Have you ever paid any attention to the red giant Antares? At a glance, it’s nothing special: it’s the fifteenth-brightest star in the night sky, appears a little red when viewed with the naked eye, and sits in the constellation of Scorpius. It’s sometimes referred to as the “heart of the Scorpion”.
So far, so ordinary – except that, as revealed in a new Nature study, we’ve now got the best view of this star than any other in the universe with the sole exception of our own local pyre.
Rather wonderfully, apart from being a magnificent image, scientists have also discovered some rather strange currents swirling around on its surface, and at present, they have no idea what they are.
The red supergiant, which is roughly 12.4 times the mass of our Sun and about 883 times as wide, is about 550 light-years from Earth. A rather powerful optical telescope was required to see it, which was why it was imaged using the European Southern Observatory’s Very Large Telescope (VLT), in Chile.

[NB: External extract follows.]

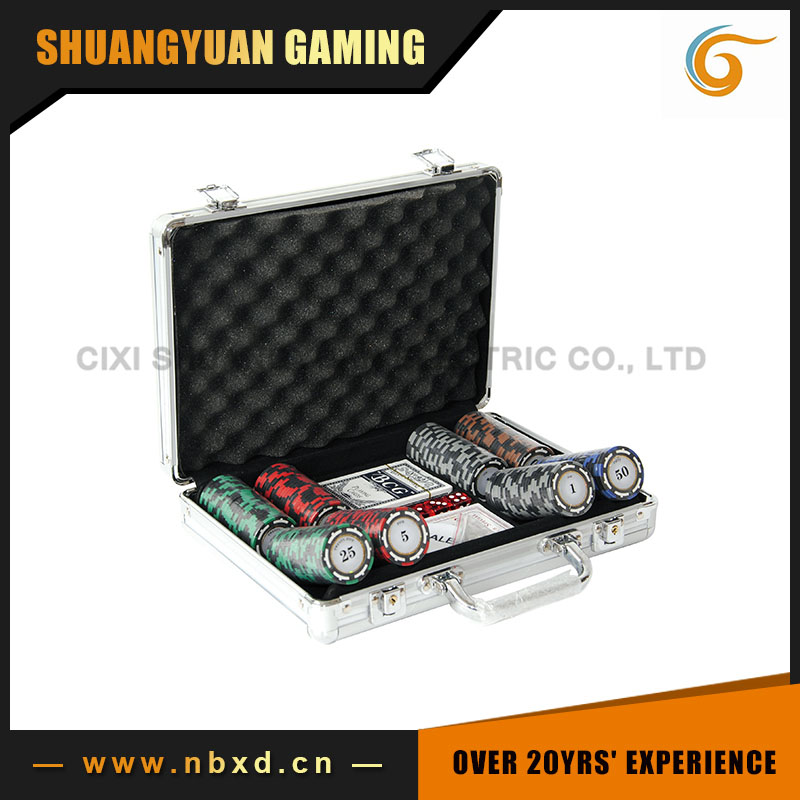 Poker chip: Model number:SY-E18, 14g 3color Clay sticker chip with available sticker Chip color available Customize sticker acceptable 1)Diameter: 40mm 2)Thickness: 3.3mm 3)Weight: 14g 4)Material:inner metal,clay finished 5)Chip color available 6)Customize sticker acceptable Poker chip set: Model number:SY-S54 1)200pcs 14g 3-color clay poker chips SY-E18; 2)1 aluminum case,solid cover and round corner; 3)2decks of playing cards; 4)5red transparent dice; 5)1stand dealer button; 6)FOB port:Ningbo harbor; 7)MOQ:1000sets; 8)Leading time:30days; 9)Package:each set has 2styrofoams,4sets in an outer carton; 10)Payment:by T/T or western union,35% deposit and 65% balance |
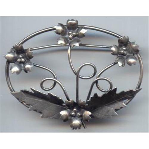 <tr><td>Title:Sterling Circle Pin with 4 Flowers</td></tr>

Without a doubt, this is the world’s most cutting-edge visible-light astronomical observatory. Rather than just one device, the VLT is composed of four different telescopes. When the light detected by each is combined, it forms a far higher resolution picture than any individual telescope could ever hope for.
Pointing it at the Scorpion’s heart, a series of images were captured. It’s refreshing to see real images of a distant star rather than a pixelated mess or yet another artist’s impression alone, but why was Antares picked in the first place?
As the researchers from the Catholic University of the North in Chile and the Max Plank Institute for Radio Astronomy explain in their paper, this red supergiant is losing mass rapidly as it nears the end of its life, which will terminate in a spectacular supernova.
Although the triggers behind star death are relatively well known, the process of shedding solar mass isn’t, and this endeavor was partly designed to answer that query.
Instead, it’s actually brought up more questions. The star’s upper atmosphere is convecting, which is perfectly normal for a star – hotter masses rise, cool, then sink again or drift off into space. However, it appears that the surface of the star is actually too turbulent.
Colossal clumps of star stuff are moving at speeds of up to 20 kilometers (12.4 miles) per second, and the researchers simply don’t have a clue as to how.
“Convection alone cannot explain the observed turbulent motions and atmospheric extension, suggesting that an unidentified process is operating in the extended atmosphere,” the authors conclude in their study.
As ever, there are more things in heaven and Earth than are dreamt of in our philosophy.